Instructions to follow: No pictures should appear. The lines from the beginning of the listing through the one holding "- máš zatržené" must be reproduced exactly, and nothing more.

Supplied records:
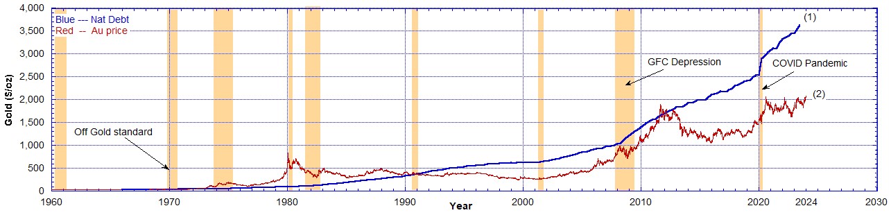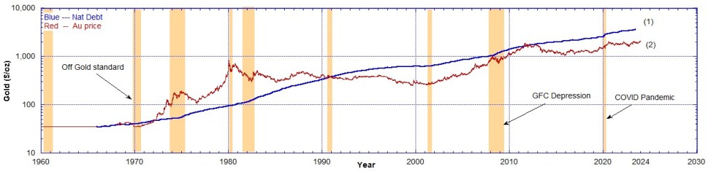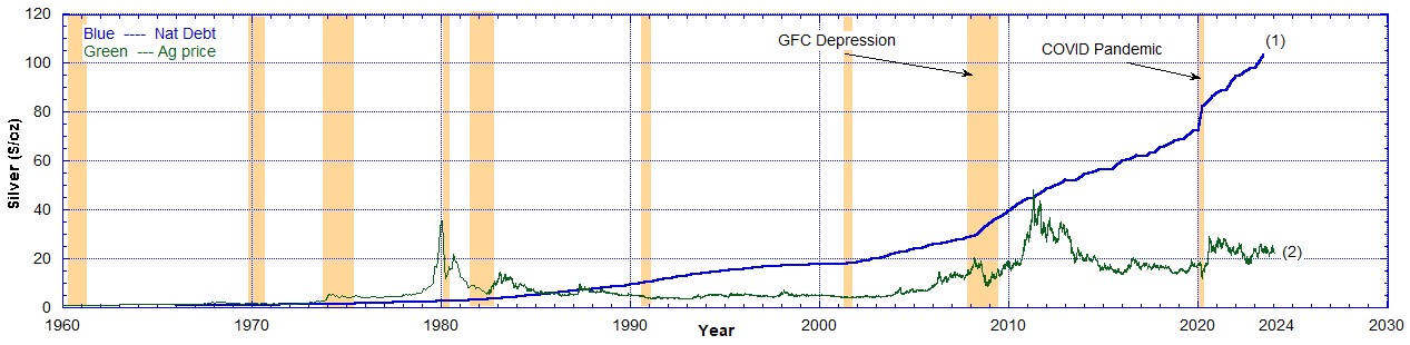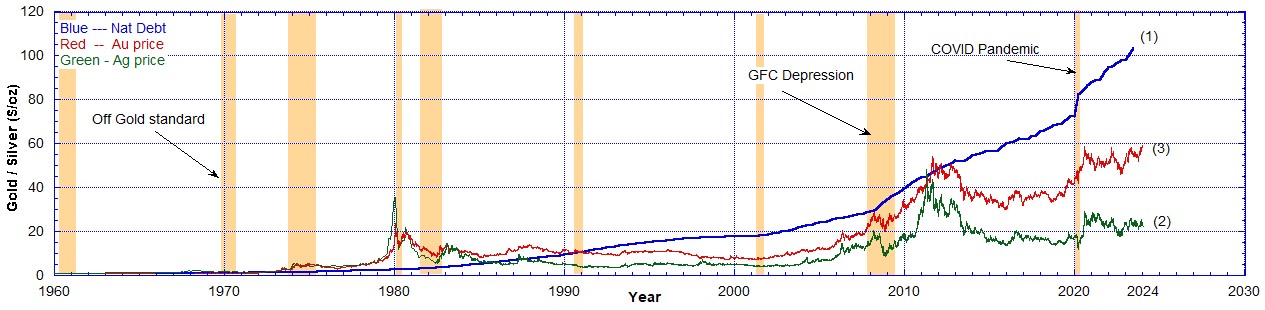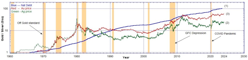 In the following charts I show the National Debt compared to the nominal historical prices of gold and silver. The National Debt has been scaled so that it may be presented on the same Chart as the precious metals’ prices.
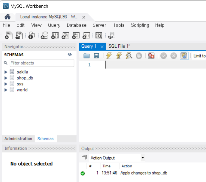 작업할 데이터베이스를 선택하기 위해 스키마 패널의 'shop_db'를 더블 클릭한다.
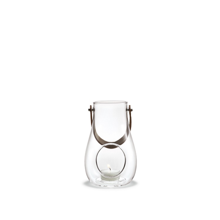 [0] => The Design with Light lantern casts warm, dynamic light on its surroundings and can be placed truly anywhere - on your table as part of your holiday setting, on the ground on a warm summer evening, or on a nearby table to bring warmth and coziness to a dark winter night. With its glass body and full-grain leather strap, the lantern has a clean, Scandinavian look and can be used all-year around. The lantern can be placed indoors or outdoors, though it should be stored indoors to protect the leather handle. The lantern's round opening is hand-shaped by Holmegaard of Denmark's expert craftsmen.
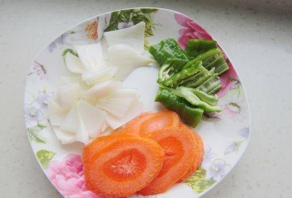 3.洋蔥切塊,青椒切塊,胡蘿卜洗凈切片
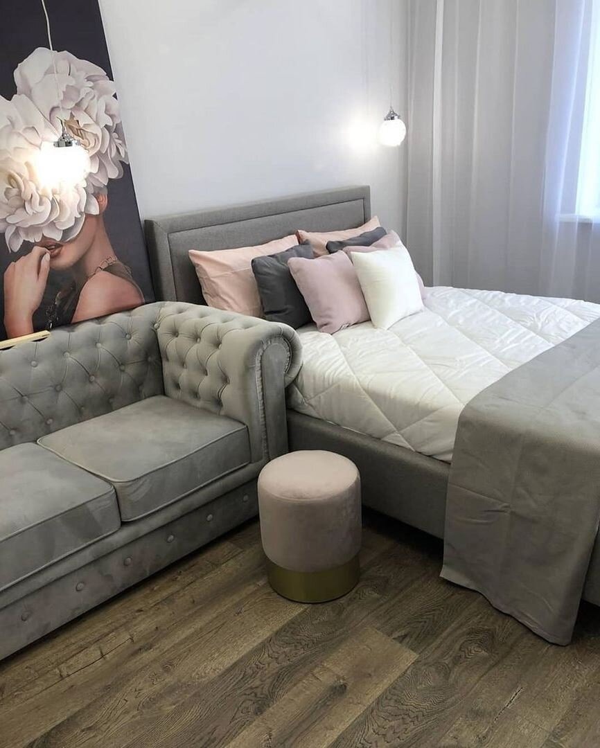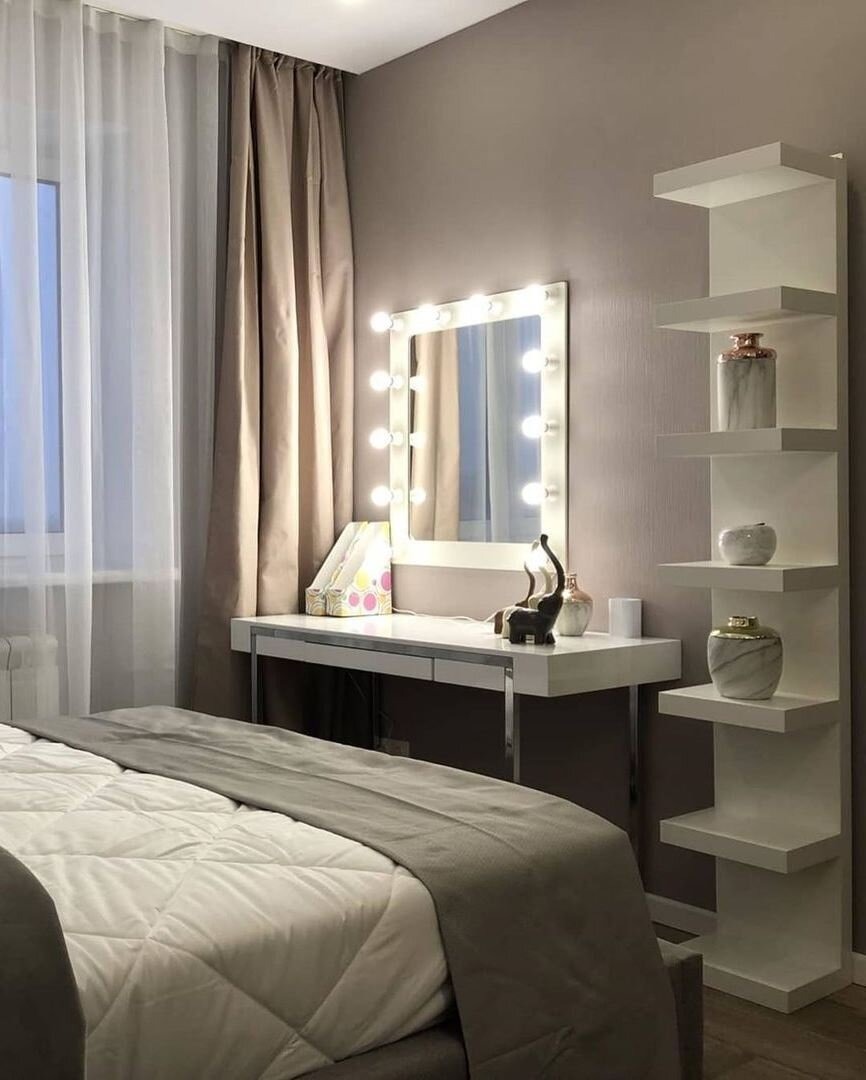 I stuen implementerte vi en ikke-standard komposisjon: sofaen og sengen ble plassert ved siden av hverandre, og skapte en enkelt avslapningsmodul. Til tross for den uvanlige løsningen ser begge elementene ensartede og stilige ut takket være identiske materialer. TV-en står overfor sofaen, og ved siden av sengen står et prosjekt jeg hadde planlagt lenge: et pent boudoirbord med speil og belysning, ideelt for oppbevaring av kosmetikk og tilbehør.
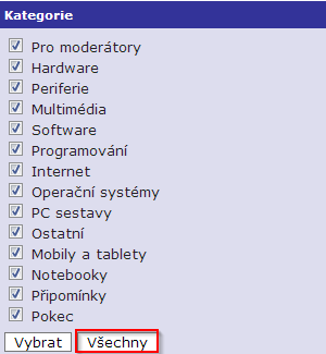 - máš zatržené všechny kategorie (včetně Pokecu) - zobrazují se ti Všechny
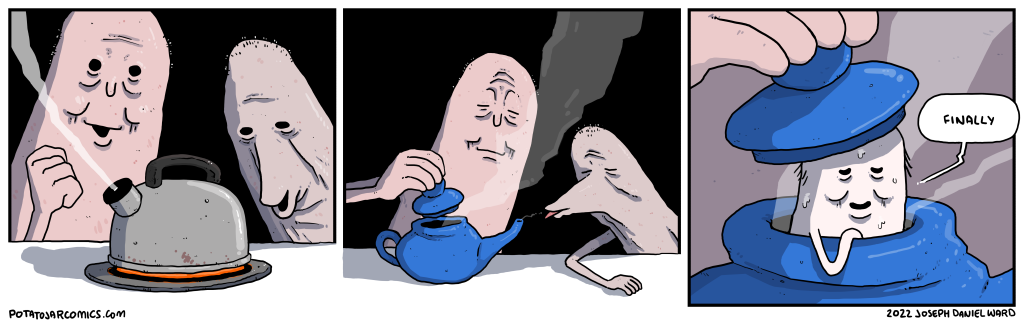 WE BREW OUR FRIENDS by Joseph Daniel Ward on March 16, 2022 at 2:56 pm Made a little guy, huh? Put this thing elsewhere: Click to share on X (Opens in new window) X Click to share on Facebook (Opens in new window) Facebook Click to share on Reddit (Opens in new window) Reddit Click to share on Tumblr (Opens in new window) Tumblr └ Tags: friend, pot, tea, water Comment

Answer space:
 In the following charts I show the National Debt compared to the nominal historical prices of gold and silver. The National Debt has been scaled so that it may be presented on the same Chart as the precious metals’ prices.
 작업할 데이터베이스를 선택하기 위해 스키마 패널의 'shop_db'를 더블 클릭한다.
 [0] => The Design with Light lantern casts warm, dynamic light on its surroundings and can be placed truly anywhere - on your table as part of your holiday setting, on the ground on a warm summer evening, or on a nearby table to bring warmth and coziness to a dark winter night. With its glass body and full-grain leather strap, the lantern has a clean, Scandinavian look and can be used all-year around. The lantern can be placed indoors or outdoors, though it should be stored indoors to protect the leather handle. The lantern's round opening is hand-shaped by Holmegaard of Denmark's expert craftsmen.
 3.洋蔥切塊,青椒切塊,胡蘿卜洗凈切片
 I stuen implementerte vi en ikke-standard komposisjon: sofaen og sengen ble plassert ved siden av hverandre, og skapte en enkelt avslapningsmodul. Til tross for den uvanlige løsningen ser begge elementene ensartede og stilige ut takket være identiske materialer. TV-en står overfor sofaen, og ved siden av sengen står et prosjekt jeg hadde planlagt lenge: et pent boudoirbord med speil og belysning, ideelt for oppbevaring av kosmetikk og tilbehør.
 - máš zatržené všechny kategorie (včetně Pokecu) - zobrazují se ti Všechny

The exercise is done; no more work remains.